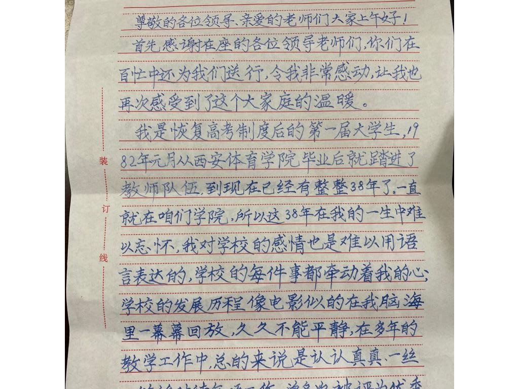 座谈会气氛融洽,退休职工们欢聚在一起叙旧谈心、感慨颇多,大家畅所欲言,各抒己见,既表达了对离开工作了几十年的岗位满怀的不舍之情,同时也为完成职业生涯光荣退休而感到高兴和自豪。学生科辅导员崔麦岭老师精心准备发言,她回顾了自己刚参加工作的情形以及学院发展的历程,表示会积极面对退休生活,目前已在老年大学开始了硬笔书法的学习,并用自己的学习成果给大家送上了浓浓的情意。
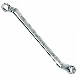 Ключ накидной изогнутый AMPRO T40632 изготовлен из углеродистой стали. Ключ имеет два кольцевых зева разных размеров. Профиль кольцевого зева имеет 12 граней, что увеличивает площадь соприкосновения рабочих поверхностей и снижает риск деформации граней крепежа при монтаже. Накидные рабочие части ключа смещены относительно его рукоятки на 75°, что позволяет работать в труднодоступных местах.
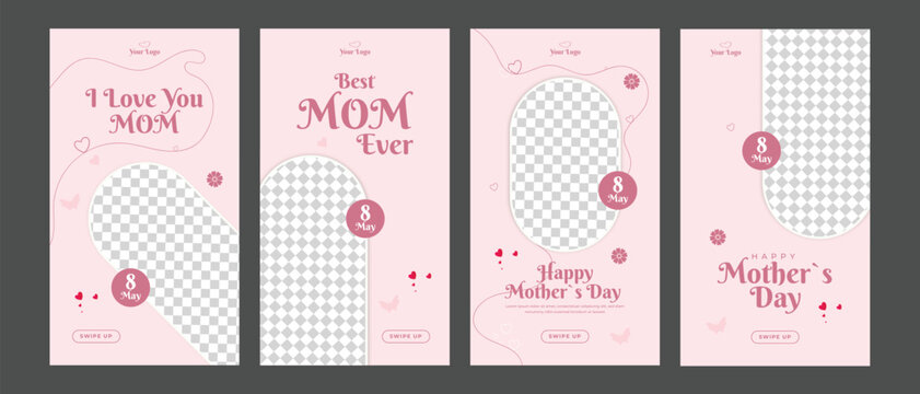 Mother's Day Poster or banner with sweet hearts,flower and pink gift box on pink background.Promotion and shopping template or background for Love and Mother's day concept.Vector illustration eps 10
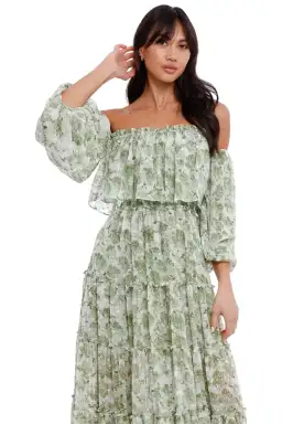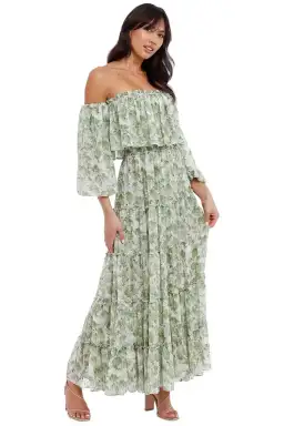 The Misa LA Cassandra Dress is a dreamy off-shoulder maxi for bohemian style lovers. Made from soft chiffon, it boasts 3/4 balloon sleeves, a tiered skirt with ruffle details, and a shirred bodice with a ruffle overlay.
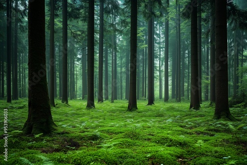 Obraz premium A tranquil scene of a dense forest shrouded in a light mist, creating an...
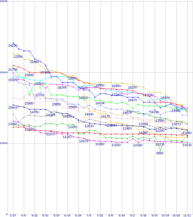 | [↓次グラフ]: | HDD主要製品(最安値1万5千円~2万円未満)の最安値推移 |
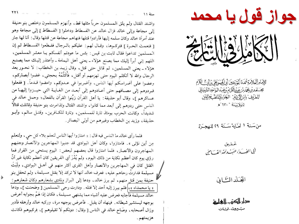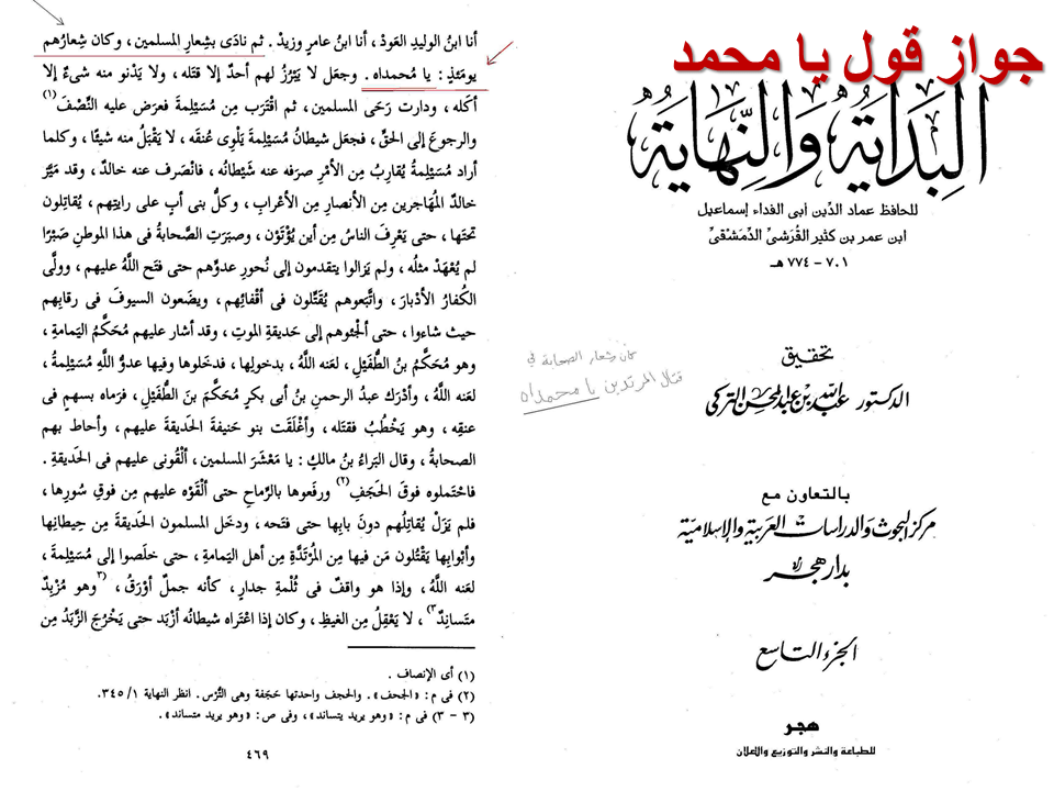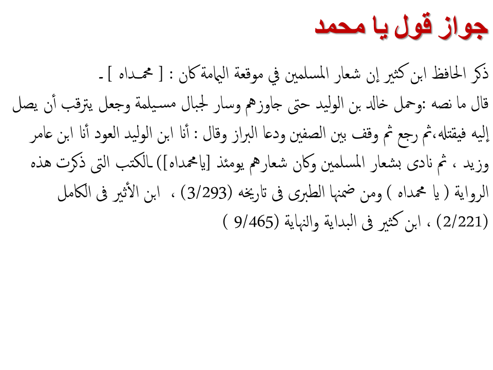 قال ما نصه :وحمل خالد بن الوليد حتى جاوزهم وسار لجبال مسيلمة وجعل يترقب أن يصل إليه فيقتله،ثم رجع ثم وقف بين الصفين ودعا البراز وقال : أنا ابن الوليد العود أنا ابن عامر وزيد ، ثم نادى بشعار المسلمين وكان شعارهم يومئذ [يامحمداه]) ـالكتب التى ذكرت هذه الرواية ( يا محمداه ) ومن ضمنها الطبرى فى تاريخه (3/293) ، ابن الأثير فى الكامل (2/221) ، ابن كثير فى البداية والنهاية (9/465 )
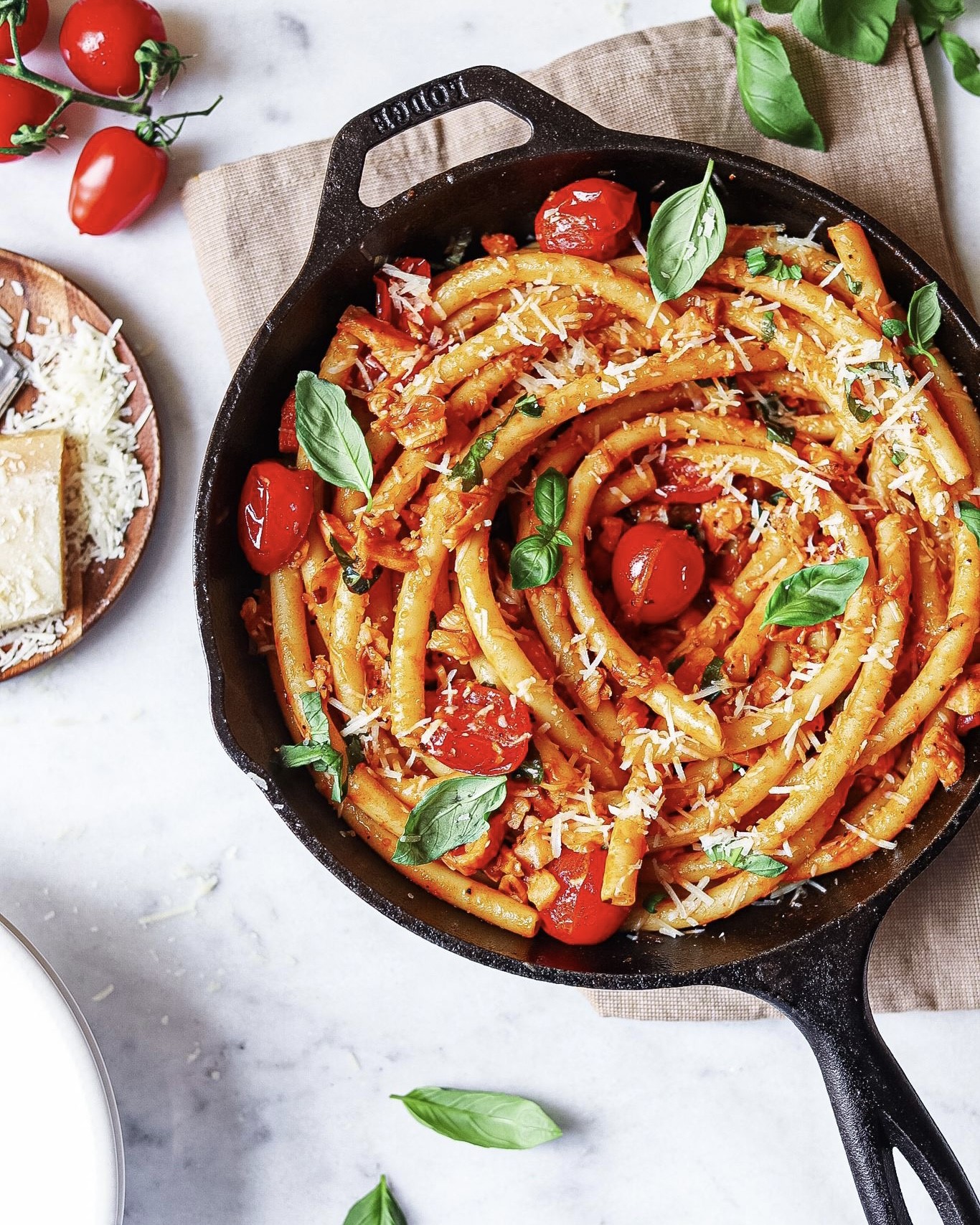 I personally believe that the best meals come together when you just use your creativity and have fun in the kitchen! Pasta is great for these adventures. With a few ingredients you can have a complete and wholesome meal. Hope you give this recipe a go!
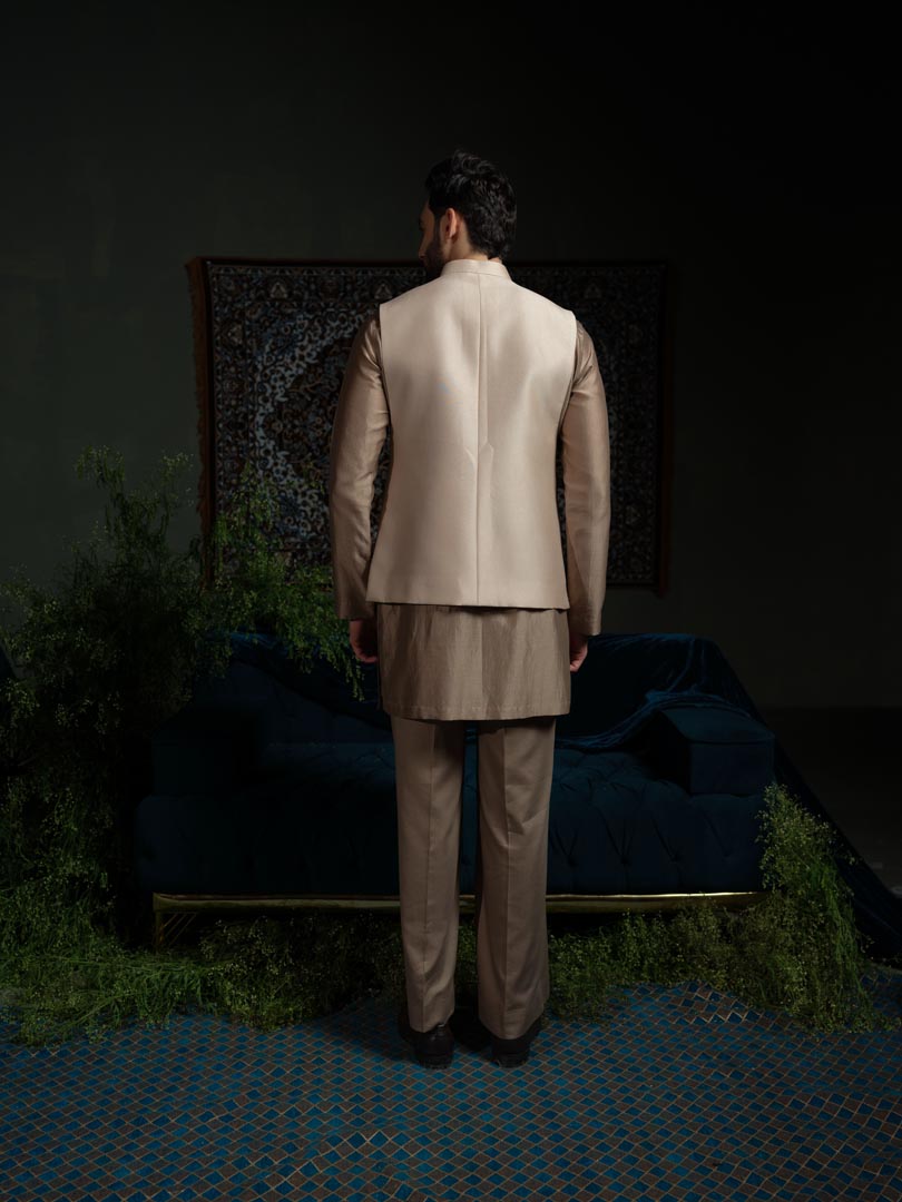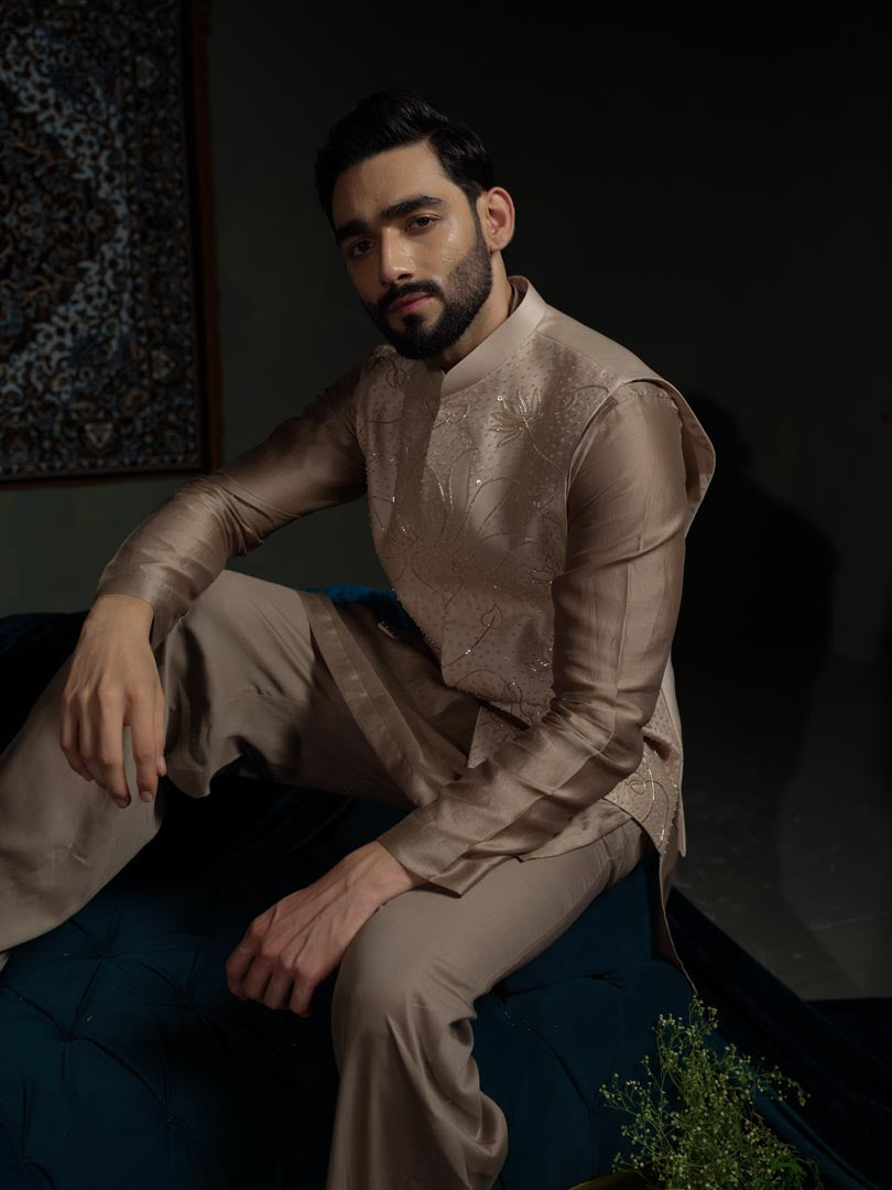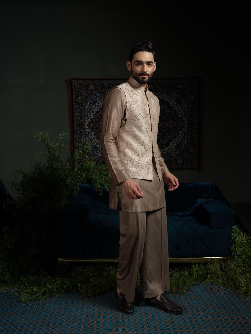 A statement Bundi with hand drawn floral embroidery of beads and pipes, and a deep armhole, made in chanderi silk .

_Exercise instructions_
Above are some records; quote exactly and only the lines that begin at the line containing "[↓次グラフ]: | HDD主要製品(最安値1万5千円~2万円未満)の最安値推移 |" and stop after the line containing "قال ما نصه :وحمل", leaving out the pictures.

_Task solution_
 | [↓次グラフ]: | HDD主要製品(最安値1万5千円~2万円未満)の最安値推移 |
 قال ما نصه :وحمل خالد بن الوليد حتى جاوزهم وسار لجبال مسيلمة وجعل يترقب أن يصل إليه فيقتله،ثم رجع ثم وقف بين الصفين ودعا البراز وقال : أنا ابن الوليد العود أنا ابن عامر وزيد ، ثم نادى بشعار المسلمين وكان شعارهم يومئذ [يامحمداه]) ـالكتب التى ذكرت هذه الرواية ( يا محمداه ) ومن ضمنها الطبرى فى تاريخه (3/293) ، ابن الأثير فى الكامل (2/221) ، ابن كثير فى البداية والنهاية (9/465 )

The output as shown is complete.